El primero era reforzar los partidos mayoritarios que artificialmente se habían gestado, la UCD desde el poder post-franquista y reformista y el nuevo PSOE engordado por Willy Brandt, Olof Palme y la CIA.
El segundo era alejar al Partido Comunista lo más posible del poder con un sistema que refuerza el bipartidismo.
El tercero era no repetir el marasmo parlamentario de la II República con la sobrerrepresentación de las minorías.
Y el cuarto y muy Kelseniano era dar solidez a los partidos políticos y convertirlos en entramado institucional del Estado.
Todo ello y a la vista de las primeras elecciones democráticas las líneas generales del Real Decreto –Ley del 77 se constitucionalizaron para que su espíritu y letra se vieran protegidos por los mecanismos de una reforma agravada de la Constitución.
Treinta y tres años después, los partidos mayoritarios son incapaces de modificar una ley electoral y su mandato constitucional , que si en la Transición pudo tener su lógica, hoy es la perfecta escusa para la desafección electoral. Las corruptelas y la ausencia de control democrático de los partidos incide en una cada vez mayor abstención y la ausencia de lógica electoral, convirtiendo las legislativas generales en unas falsas presidenciales.
Los partidos mayoritarios son los responsables de que esta situación que les beneficia, porque los aparatos controlan el poder del Estado por cuotas y sin control, no cambie. En sus manos están los tres quintos de cada cámara.
Contra lo que cree mucha gente, los partidos nacionalistas no tienen sobrerrepresentación. La diabólica mezcla de muchas circunscripciones pequeñas y la corrección proporcional de la regla D’hont, hace que el PP y el PSOE estén sobrerrepresentados, los nacionalistas correctamente representados y los partidos de ámbito nacional minoritarios infrarrepresentados o expulsados de las Cortes Generales.

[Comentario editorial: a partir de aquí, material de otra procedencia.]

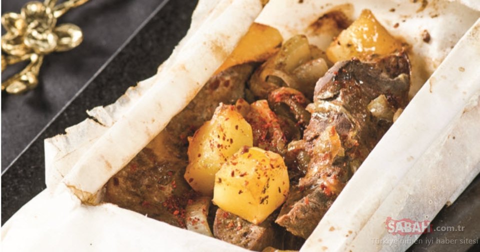 Ciğerin zarını çıkarıp iyice yıkayın ve büyük parçalar şeklinde dilimleyin. Soğanı halka doğrayıp, sarımsağı kıyın. Ciğer, soğan, sarımsak, küp doğranmış patates, zeytinyağı ve kalan malzemeyi harmanlayın. Pişirme kağıdının ortasına yerleştirip, hava almayacak biçimde ve zarf şeklinde kapatın. Fırın tepsisine yerleştirip, önceden ısıtılmış 180 derece fırında yaklaşık 30 dakika pişirin. Kimyon serpip servis yapın.

Kelsen, que fue el gran creador del Estado Constitucional moderno y cuyas ideas están plasmadas en nuestra constitución de un modo manifiesto, creyó en un sistema proporcional de circunscripción única para todo el estado y con partidos políticos de masas fuertes dentro del aparato institucional del Estado pero con un funcionamiento democrático.
Ninguna de estas previsiones de Kelsen, se han llevado a cabo y su sentido se han pervertido en estos años. PSOE y PP se han beneficiado de este sistema y han logrado expulsar al CDS, y arrinconar a IU. Han coartado el brote del voto ideológico y han favorecido el voto útil. Y sobre todo se han reído de los españoles y de los intentos por sanear y democratizar la vida de los partidos y la vida pública. Ahí está el vergonzante y ridículo Cristóbal Montoro diciendo que la reforma electoral no interesa a los españoles porque España es un país bipartidista. Bipartidista malgré lui, bipartidista porque los mayoritarios así lo quieren. Con este sistema se empobrece la democracia, por ser de listas cerradas y bloqueadas, se impide el voto ideológico y se favorece el voto útil y se forman bisagras parlamentarias con fuerzas nacionalistas que cumplen su función.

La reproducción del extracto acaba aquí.